Thématique du WISE Summit 2013 (Qatar Foundation)



CINQ IDÉES FORTES

  1. Le numérique ne change pas seulement la manière d’ensei­gner et d’apprendre, mais la connaissance elle­-même.
  2. La transformation la plus importante de l’éducation s’organisera autour de l’ouverture et de la collaboration.
  3. Le rôle des pouvoirs publics dans l’éducation se définira autour de la capacité (ou de l’incapacité) à assurer une éducation à la fois différenciée, accessible à tous, et authentiquement émancipatrice.
  4. L’évaluation est la clé du change­ ment. Qui tiendra les systèmes d’évaluation gouvernera l’école.
  5. La grande transformation de l’école a commencé. Ailleurs, mais aussi chez nous. C’est maintenant qu’il faut s’y engager.
Les systèmes nationaux d’éducation sont presque partout en crise, pris en défaut sur leurs deux objectifs prioritaires : préparer les enfants à prendre en mains le monde et assurer l’égalité des chances. Partout dans le monde, l’école est entrée en mutation sous l’influence de plusieurs forces :

  1. Le numérique, qui transforme la matière première de l’éducation, la connaissance, et qui change également les métiers et les compétences-clés de demain.
  2. L’avancée controversée, mais puissante, des neurosciences et des ‘datasciences’.
  3. La dynamique des entreprises innovantes de l’‘EdTech’ et, récemment, leur puissance financière.
  4. La pression mondiale sur les finances publiques, qui contraint les systèmes publics d’enseignement à chercher de nouvelles manières de faire.

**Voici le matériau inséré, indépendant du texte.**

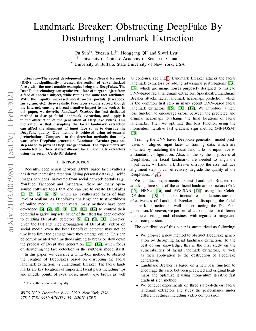 The recent development of Deep Neural Networks (DNN) has significantly increased the realism of AI-synthesized faces, with the most notable examples being the DeepFakes. The DeepFake technology can synthesize a face of target subject from a face of another subject, while retains the same face attributes. With the rapidly increased social media portals (Facebook, Instagram, etc), these realistic fake faces rapidly spread though the Internet, causing a broad negative impact to the society. In this paper, we describe Landmark Breaker, the first dedicated method to disrupt facial landmark extraction, and apply it to the obstruction of the generation of DeepFake videos.Our motivation is that disrupting the facial landmark extraction can affect the alignment of input face so as to degrade the DeepFake quality. Our method is achieved using adversarial perturbations. Compared to the detection methods that only work after DeepFake generation, Landmark Breaker goes one step ahead to prevent DeepFake generation. The experiments are conducted on three state-of-the-art facial landmark extractors using the recent Celeb-DF dataset.
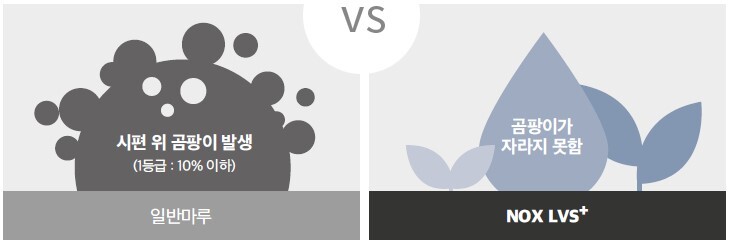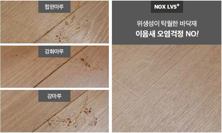 청소가 쉽고, 긁힘과 찍힘, 변색과 오염에 강한 NOX LVS+만의 EPT™ Shield 코팅 기술을 기본으로,고급스러운 질감 표현을 위해 ‘프리미엄 자연무광’을 추가하여 바닥재 최초로 적용한,이전에 없던 새로운 프리미엄 시트 바닥재입니다.
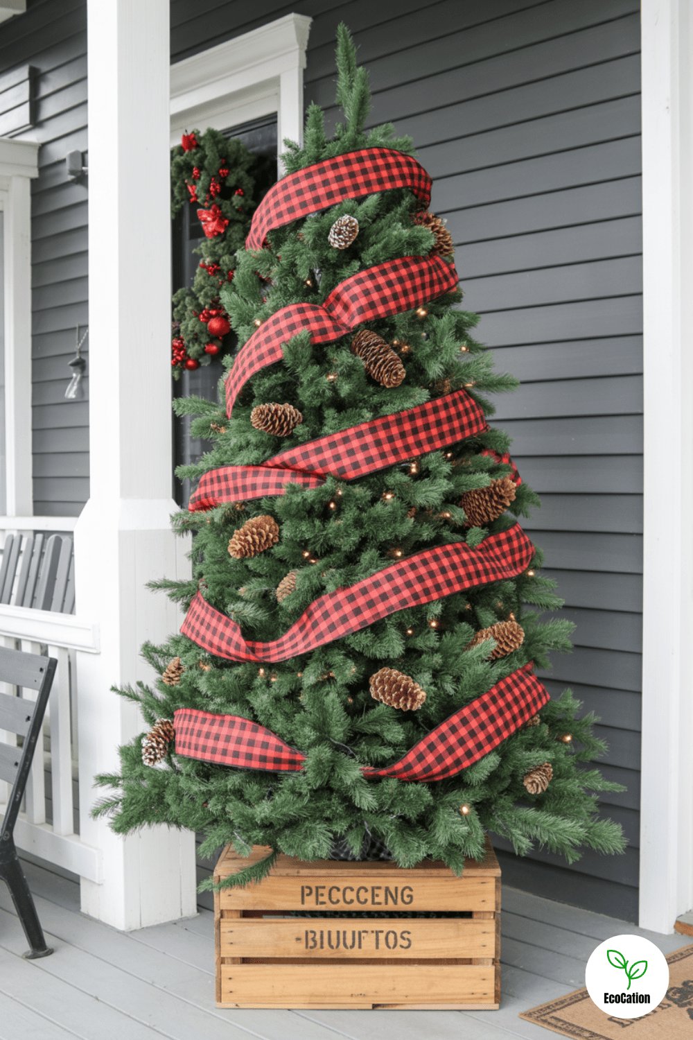 Bring that cozy farmhouse aesthetic right to your front porch with a rustic outdoor tree display. Embrace natural textures like buffalo plaid ribbon, real or artificial pinecones, and simple white lights that perfectly complement a wooden crate base. This style is instantly welcoming and looks especially wonderful against wooden siding or a stone entryway.
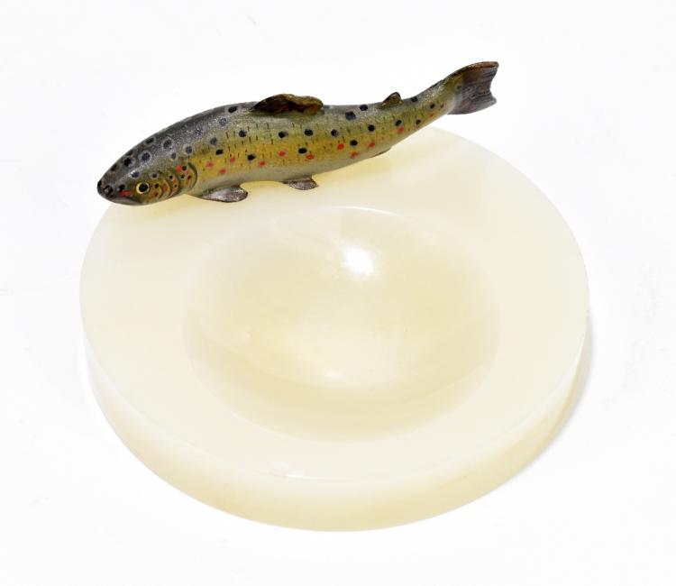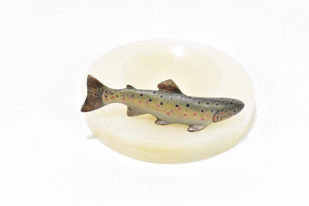 Lot 85 of 249: A 1930s polished white onyx pin dish surmounted with a cold painted bronze salmon, diameter 12cm. Provenance: The contents of a Cheshire Country House.
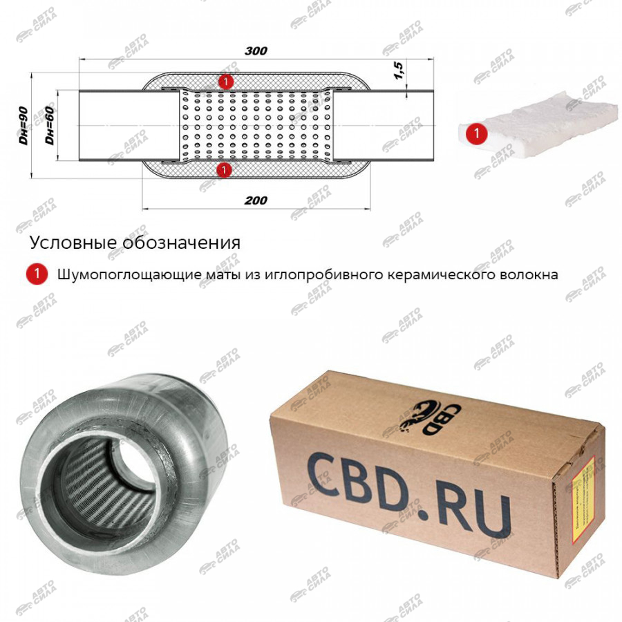 Размер корпуса и длина. Если деталь круглая, то это диаметр, если деталь овальная, то ширину и высоту детали. Длина меряется до места приваривания катализатора к трубе.
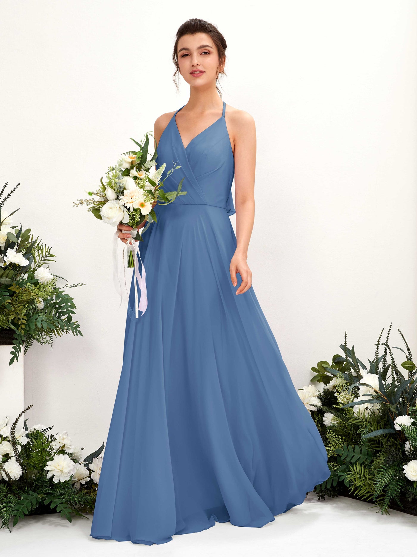Carlyna Launo A-Line Dusty Blue Bridesmaid Dress Maxi Sleeveless V-Neck Dress Front View
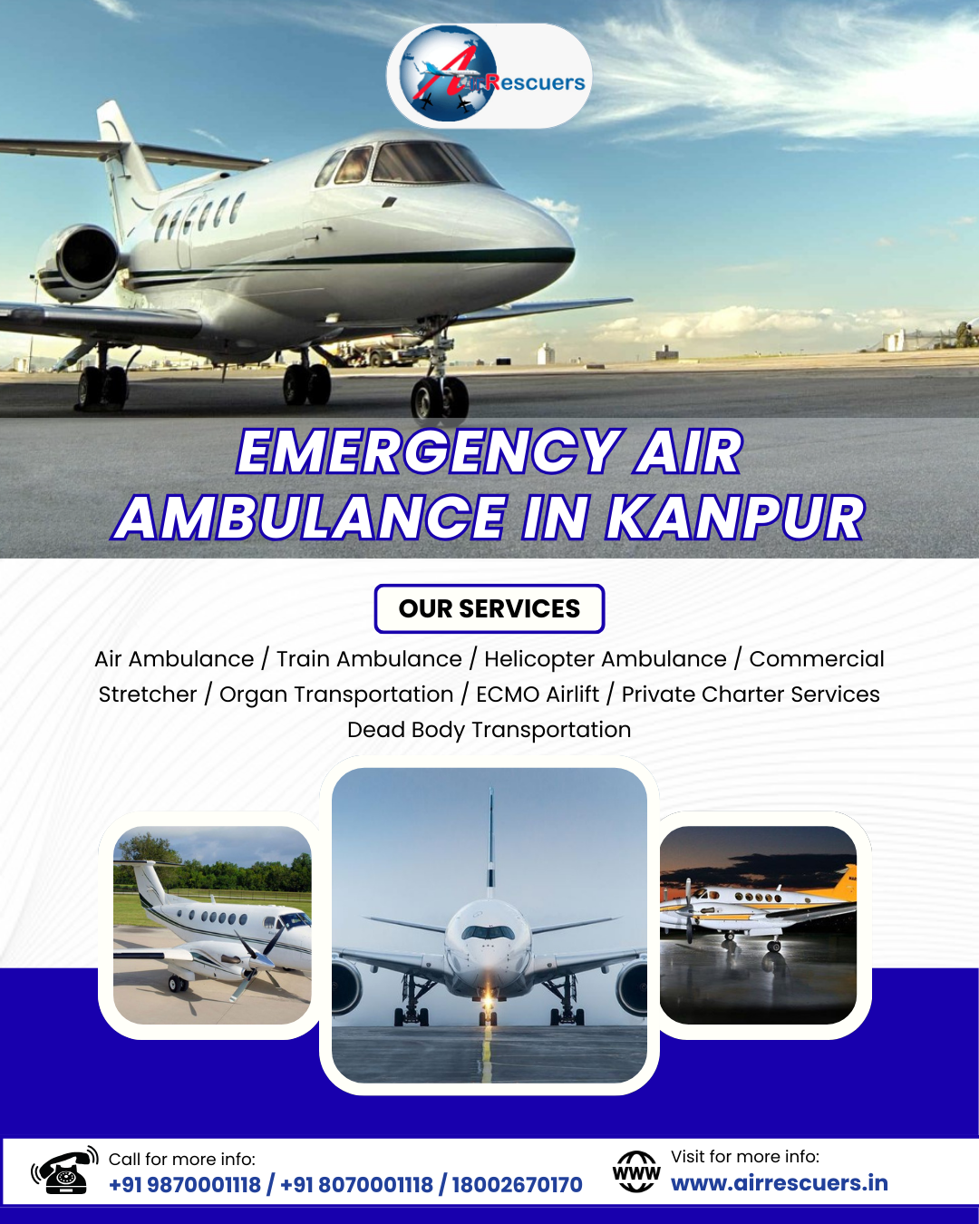 With a strong commitment to patient safety, our Kanpur Air Ambulance Services deliver rapid evacuation and specialized care. We handle each case with urgency, professionalism, and compassion.

Le numérique est, selon les cas, le catalyseur, l’agent ou le support de la plupart de ces transformations. On attend de lui qu’il rende le meilleur de l’éducation accessible aux plus démunis, qu’il améliore et diversifie les méthodes pédagogiques, qu’il redessine les frontières des disciplines, qu’il redéfinisse les ‘socles’ et qu’il redonne aux enfants goût à l’école. On lui reproche de faire entrer le vacarme du monde dans l’école, d’inviter à la superficialité et à l’inattention, de créer de nouveaux risques et de nouvelles fractures.

Une somme formidable d’énergies, d’imaginations et de moyens publics et privés, s’investit aujourd’hui dans l’innovation éducative : comment en faire l’amorce d’une transition désirable de nos systèmes éducatifs ?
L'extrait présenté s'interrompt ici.